Tencent, Asia's highest-valued technology company, has smashed analyst forecasts for its Q3 2017 after it posted a profit of 18 billion RMB ($2.7 billion) on revenue of 65.2 billion RMB ($9.8 billion).

That blew past expectations of 15.7 billion yuan and 61 billion yuan, according to analysts polled by S&P Global Market Intelligence, thanks to its high-performing mobile and PC gaming businesses.

Overall profit was up 69 percent year-on-year and revenue rose by 61 percent thanks to Tencent's games business, which includes both PC and smartphone.

The older PC unit grew 27 percent to reach sales of 14.6 billion RMB ($2.2 billion), while its
mobile cousin hit 18.2 billion RMB ($2.75 billion) thanks to 84 percent growth. Honour of Kings, the world's most lucrative mobile app this year, was a stellar contributor, while the firm also owns League Of Legends for PC. Tencent paid tribute to the app, and a handful of others, for the growth but it didn't break out each title's sales.

WeChat, the messaging app that Tencent is best known for, reached 980 million monthly users when combined with its sister QQ service.
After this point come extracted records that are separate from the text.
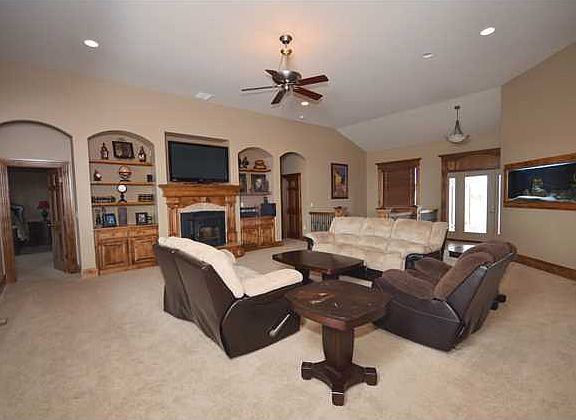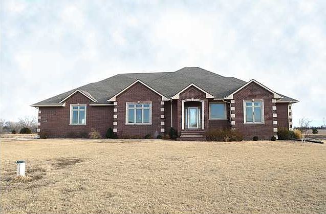 Acreage within minuets of the city/shopping and in Maize school district. Situated on almost 6 acres is this approximately 4600 sf FULL BRICK home with open floor plan. This one owner custom built home has all of the custom amenities you have been searching for. With 5 bedrooms and 3 full baths 1 half bath 3 car side load garage solid wood cherry floors pellet stove surround sound inside and outside coffered ceilings in master tiled shower walk in closet custom blinds formal dining eating bar double ovens walk in pantry stainless steel appliances 3 zones for temperature control full wet bar in basement w/full size refrigerator built ins throughout mud roof drop zone composite over-sized deck geothermal heating and cooling 2 wells sprinkler system walk out/walk up basement. Everywhere you look there is an upgrade! No HOA dues to worry about here!
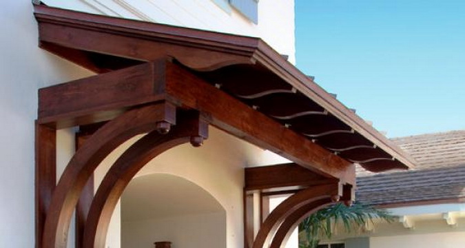 Весьма популярным материалом является и дерево, но за ним требуется регулярный уход, к тому же при выборе материала для козырька необходимо учитывать не только его конструктивные свойства, но и стилистическое решение, то есть соответствие стиля разрабатываемого навеса общему стилю фасада здания. Деревянное изделие подойдет не ко всем фасадам. Впрочем, то же относится и к металлу.
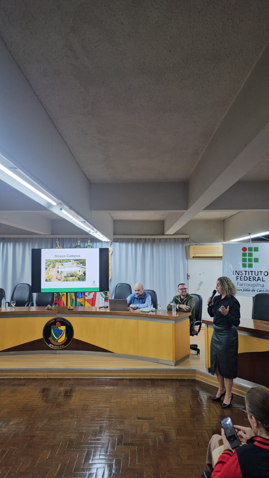 O Campus Júlio de Castilhos realizou dois eventos com o intuito de discutir a criação de novos cursos no Campus em 2027. Na semana passada foi realizada uma audiência pública na Câmara Municipal de Vereadores de Júlio de Castilhos para apresentar para a comunidade a proposta de criação de dois novos cursos e a extinção de outros dois. Estiveram presentes a diretora geral Silvia Regina Montagner, o pró-reitor de desenvolvimento institucional Carlos Rodrigo Lehn, o diretor de planejamento e desenvolvimento institucional Gabriel Garcia, os vereadores/as, Alice Ribeiro e José Wairich, representantes de escolas situadas no município e outras entidades e empresas do município.
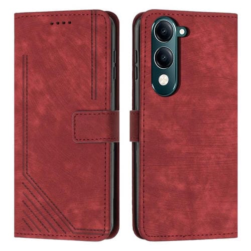 Funda de Cuero con Estampado de Rayas y Cordón para Vivo Y29S 5G / Y04 4G (Roja)
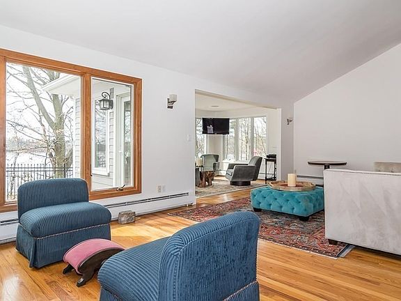 Rare opportunity for lakefront property with incredible vista. Enjoy a breathtaking view of Lake Cochituate in every season from this wonderful home. There are tall ceilings, open spaces, and windows galore. There is a casual family room and an additional living area with a fireplace. The kitchen has warm wood cabinetry and is adjacent to a generous dining area. The first-floor master suite has a deep closet and private bath and access to the wonderful patio. The second story has three additional family bedrooms. Off the garage is a bonus space that could be used as a mudroom or private office. Beautiful landscaping includes an expansive patio. This very special home is set on an ended way. What a lifestyle! Enjoy your own private waterfront retreat this summer!
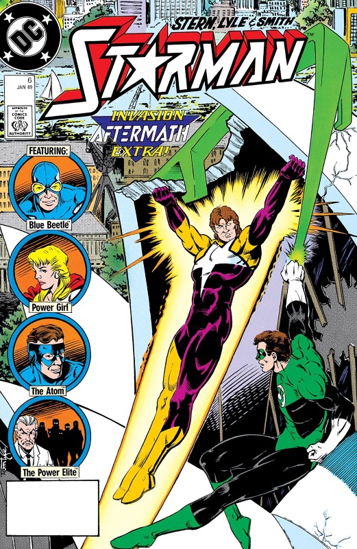 Hitching a lift with Blue Beetle, Starman gets back to Phoenix, Arizona and meets up with his sister. While catching up, he hears a live news report of a rampaging Durlan and how it was captured by the Power Elite, the team of extremist metahumans that he had fought days before.
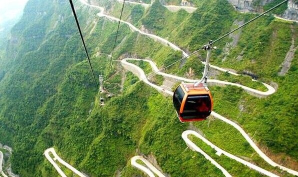 張家界天門山盤山公路有"通天大道"之稱,盤山公路全長10.77公里,海拔從200米急劇提升到1300米,大道兩側(cè)絕壁千仞,空谷幽深,共計99個彎,180度急彎此消彼長,似玉帶環(huán)繞,彎彎緊連,層層迭起,被譽為“天下第一公路奇觀”。
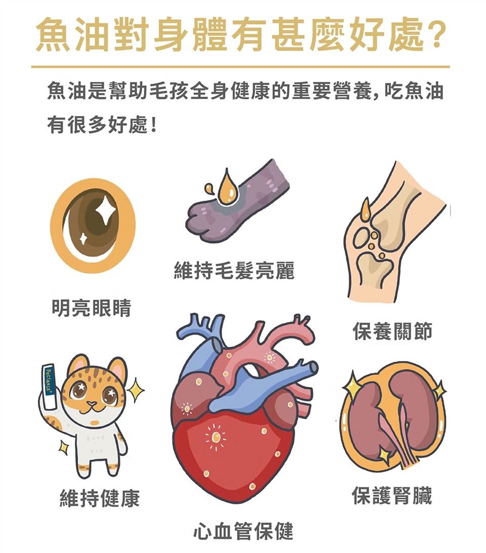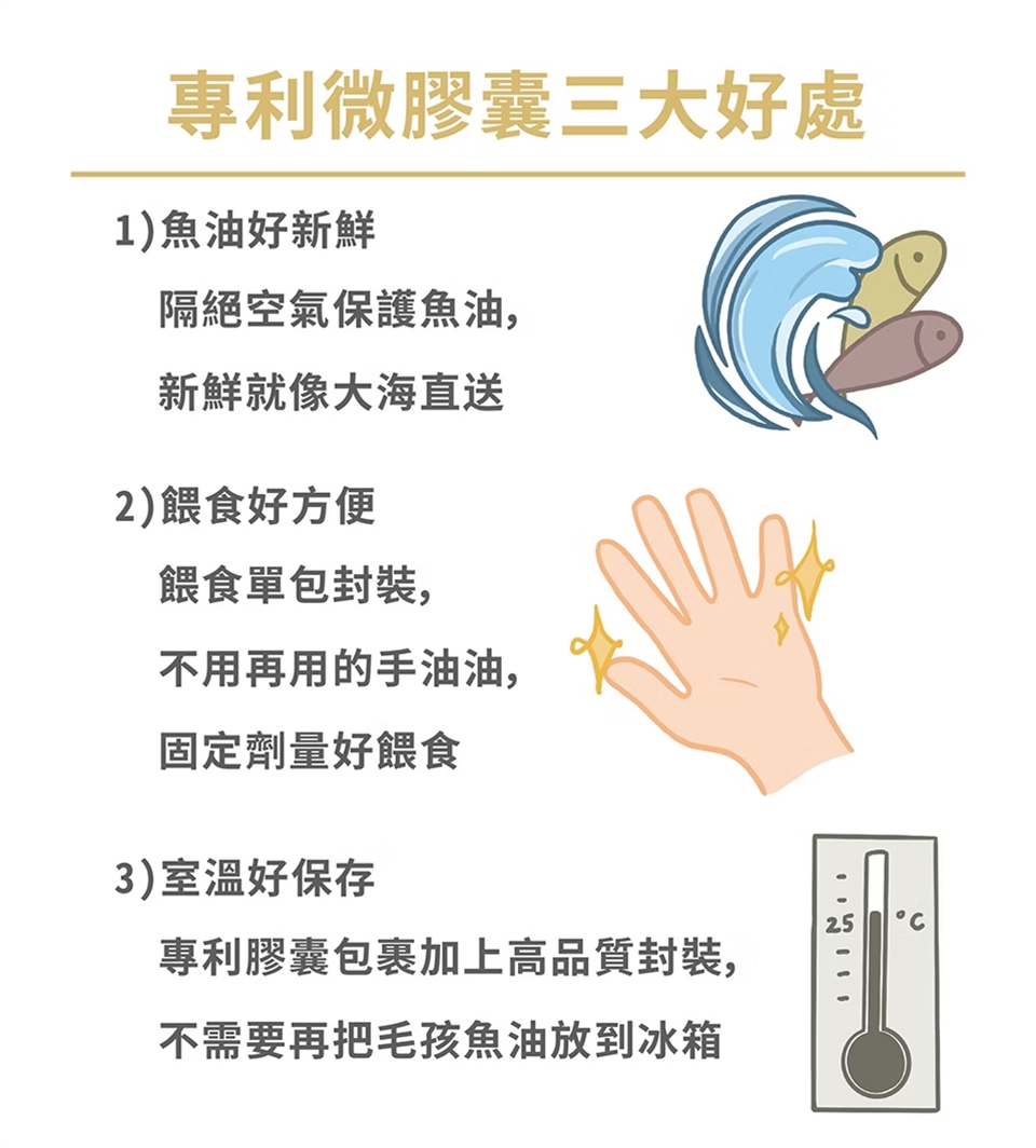 ➔方便使用:不需要再把魚油冰到冰箱,無腥味適口性超高,毛孩毛奶奶都愛吃

The services saw 38 billion daily messages between which represented 25 percent annual growth.

While WeChat is one of the world's most engaged services, Tencent doesn't make huge amounts of revenue directly from it. Timeline advertising folds into the firm's general ads business -- which grew 48 percent to 11 billion RMB ($1.6 billion) -- but WeChat is a launchpad to drive users and money into other services.

For example, its payment service saw offline payment volume grow 280 percent year-on-year. That's a sign that it is maturing from a system to send money to friends and buy digital goods, to a wider-used real world service to rival Alibaba's Alipay or Apple Pay. However, Tencent didn't disclose specific raw figures.

The company was more specific with its video service, which it claimed has beaten out Alibaba's Youku Tudou to become China's most watched service on mobile.

"We believe this success reflects our increasing investment in self-commissioned video content, our improved selection of licensed video content, and our scheduling and audience management initiatives," CEO Pony Ma said in a statement.

Outside of growing its services, Tencent has been busy with investments. It bought up 12 percent of Snap earlier this month, and two of its businesses -- e-book company China Literature and search engine Sogou -- held IPOs in recent weeks.